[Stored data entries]

'''

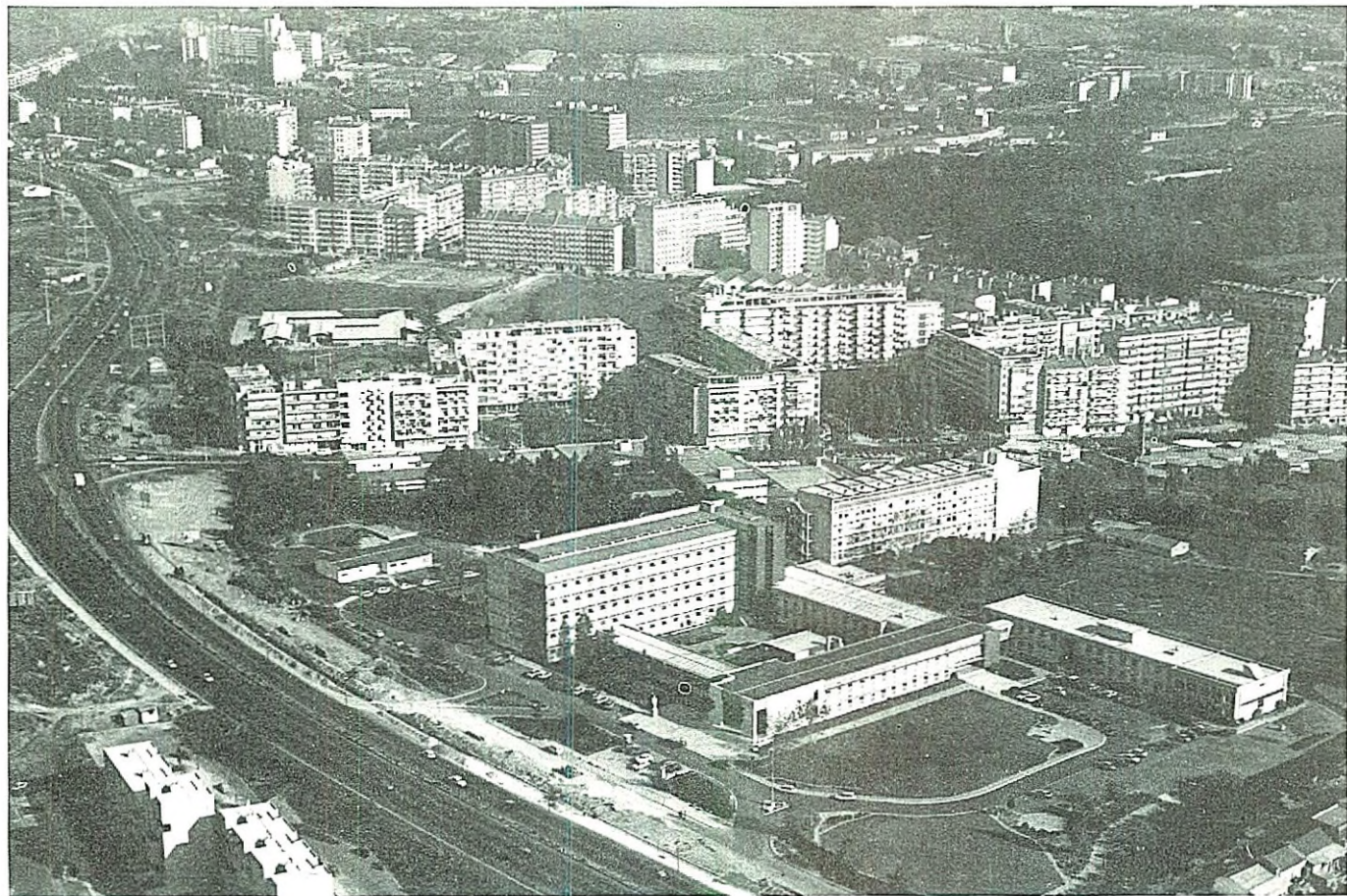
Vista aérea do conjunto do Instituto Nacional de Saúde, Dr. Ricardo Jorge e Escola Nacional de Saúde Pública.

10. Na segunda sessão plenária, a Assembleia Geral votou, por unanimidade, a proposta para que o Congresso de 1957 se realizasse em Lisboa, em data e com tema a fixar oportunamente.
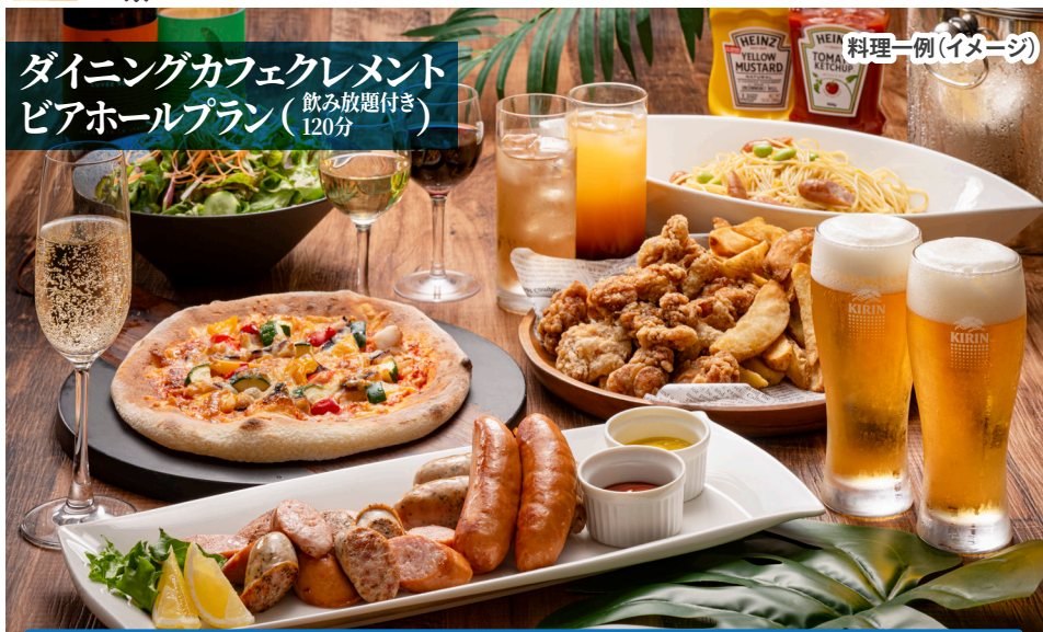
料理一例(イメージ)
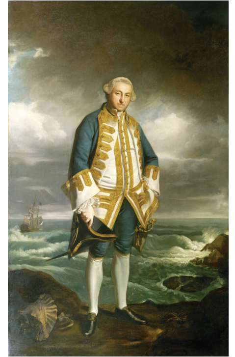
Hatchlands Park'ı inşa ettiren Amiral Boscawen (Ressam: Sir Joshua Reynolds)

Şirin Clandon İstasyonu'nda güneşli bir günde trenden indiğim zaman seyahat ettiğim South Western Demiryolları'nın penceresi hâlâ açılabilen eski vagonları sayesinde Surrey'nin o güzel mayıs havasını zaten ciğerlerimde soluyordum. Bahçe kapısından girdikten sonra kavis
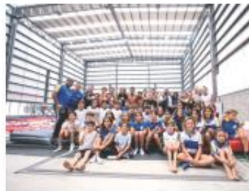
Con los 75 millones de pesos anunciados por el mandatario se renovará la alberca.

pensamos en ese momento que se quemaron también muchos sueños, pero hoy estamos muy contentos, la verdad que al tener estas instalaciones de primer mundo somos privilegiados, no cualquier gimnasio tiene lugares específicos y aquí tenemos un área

'''

▶ DIRECTIONS FOR THIS TASK
From the first line to the last, retype the entries above exactly, minus the pictures.

▶ EXPECTED ANSWER
Vista aérea do conjunto do Instituto Nacional de Saúde, Dr. Ricardo Jorge e Escola Nacional de Saúde Pública.

10. Na segunda sessão plenária, a Assembleia Geral votou, por unanimidade, a proposta para que o Congresso de 1957 se realizasse em Lisboa, em data e com tema a fixar oportunamente.
料理一例(イメージ)
Hatchlands Park'ı inşa ettiren Amiral Boscawen (Ressam: Sir Joshua Reynolds)

Şirin Clandon İstasyonu'nda güneşli bir günde trenden indiğim zaman seyahat ettiğim South Western Demiryolları'nın penceresi hâlâ açılabilen eski vagonları sayesinde Surrey'nin o güzel mayıs havasını zaten ciğerlerimde soluyordum. Bahçe kapısından girdikten sonra kavis
Con los 75 millones de pesos anunciados por el mandatario se renovará la alberca.

pensamos en ese momento que se quemaron también muchos sueños, pero hoy estamos muy contentos, la verdad que al tener estas instalaciones de primer mundo somos privilegiados, no cualquier gimnasio tiene lugares específicos y aquí tenemos un área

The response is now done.